The class is taken from the primitive material, which is specified through the helios_classification field in a material MTL file (see page Scene).

Finally, gpsTime relates the point to the trajectory, if it is exported. It represents the timestamp at which the pulse is sent out in seconds after the beginning of the GPS week (which starts on Sunday, 0:00 A.M.) + 300,000. The simulation start date is taken from the system clock and thereafter continued using the simulation time (i.e. rotation/flight speeds from the XML files) rather than real time.

LAS point format

With the parameter --lasOutput, point clouds can be written to ASPRS LAS 1.4 format (Point Data Record Format 6; .las) instead of ASCII. echo_width, fullwaveIndex and hitObjectId are stored as extra bytes, the other fields in the respective fields of the LAS Format.

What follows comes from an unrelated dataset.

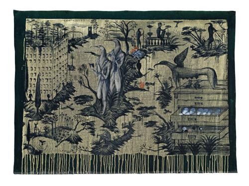 Victorian ornithologist and lawyer Sir Walter Lawry Buller (1838-1906), responsible for the killing and unprincipled trading of thousands of rare New Zealand native birds, is the ominous and shadowy inspiration for Hammond's Buller series. By exposing Buller's dubious ornithological activities, Hammond holds a mirror up to our post-colonial society. In these contemporary history paintings which feature his signature bird creatures, we are reminded of prismatic misdeeds of the past, and indeed of the recent debates regarding the discovery and ownership of New Zealand. While researching the islands, Hammond came across a copy of Buller's lavishly illustrated A History of the Birds of New Zealand (first published in 1873), which led him to discover more about the darker side of the author's ornithological work. Buller, a firm believer in the Darwinian theory of natural selection, regarded the demise of New Zealand's flora, fauna and indigenous as foreordained, so why not gather and sell these specimens while he could? He (along with many other 'bird stuffers') largely supplied English aristocrat Lord Rothschild, an avid collector of these valuable 'scientific' bird skins, who had concluded that such rarities might carry clues to the riddle of that Victorian obsession, evolution. Buller's voracious taste for collecting and trading rare birds helped drive some to extinction, notably the huia. The rarer the birds became the more lucrative the trading; the thrill of discovery and having the lovely feathered creatures in glass cases thwarted any sense of moral duty toward their preservation...

The coordinates of the point cloud are shifted to the lower-left corner of the bounding box of the scene, and a scale is applied. By default, the scale is 0.0001 (corresponding to 1/10 mm resolution), but can be changed by using the --lasScale argument on the command line.

ASCII trajectory format

If a trajectoryTimeInterval_s attribute is defined in the survey XML file within the scannerSettings tag, the trajectory will be written in the format

X Y Z gpsTime roll pitch yaw

gpsTime is given in seconds after the beginning of GPS week + 300,000 and corresponds to the gpsTime in the point cloud output. The angles around the aircraft principal axes are provided in degrees, the position and attitude is related to the origin and axes of the platform in the global reference frame, and does not necessarily show the position and orientation of the scanner. This position/orientation may be changed in the survey or platform XML by supplying lever arm and misalignment as mounting parameters (see Platforms)

ASCII FWF format

Full waveform (FWF) output can be activated using the option --writeWaveform. The output will be one file per leg. Every line corresponds to one outgoing pulse. Only pulses that returned an echo are recorded. The link to the point output is established via the fullwaveIndex. The FWF output format is:

fullwaveIndex beamOrigin.x beamOrigin.y beamOrigin.z beamDir.x beamDir.y beamDir.z minTime maxTime gpsTime FWFIntensities

Here, the beamOrigin is in the global coordinate system, and represents (in contrast to the position given in the trajectory) the position of the laser scanner reference center (i.e. the beam origin). The beamDir is a unit vector showing the axis of the beam cone.

minTime and maxTime are times after beam transmission in nanoseconds for the first and last record in the FWFIntensities vector, respectively.

gpsTime is the same as for the point cloud and trajectory files, and is added for completeness.

The FWFIntensities is a vector of (sampled) amplitudes. For details on the simulation, see fullwave. Every value represents a bin of size binSize_ns (set in the survey XML <FWFSettings [...]/> tag) in nanoseconds. These bins are summed up amplitude values from the individual subrays.

For example, the waveform from the highlighted example above (fullwaveIndex=107) looks like this:

image

Compressing

The output files can be compressed using the parameter --zipOutput. This generates bin compressed ASCII files for both the point clouds and the waveform information. If used in combination with --lasOutput, the point clouds will be exported in LAZ format. Trajectory information is not compressed.

HELIOS++ outputs can be unzipped with the --unzip parameter:

helios --unzip [input_path] [output_path]

For example:

helios --unzip my_pointcloud.bin my_pointcloud.xyz

Unzipping also works for HELIOS++-created LAZ files.

Logging

By default, logging will be output to the console and only information and errors are displayed. However, there is also the option to output a log file:

  • --logFile: Logging will be output to a file "helios.log" in the current directory, not only to standard output.
  • --logFileOnly: Logging will be output ONLY to a file.

The content to be reported can be controlled by the following parameters when calling a survey:

  • --silent: Disable logging output.
  • -q or quiet: Only errors are reported.
  • -vt: Errors and time are reported.
  • -v: Errors, information and warnings are reported.
  • -v2: All messages are reported.

By default, only information and errors are reported.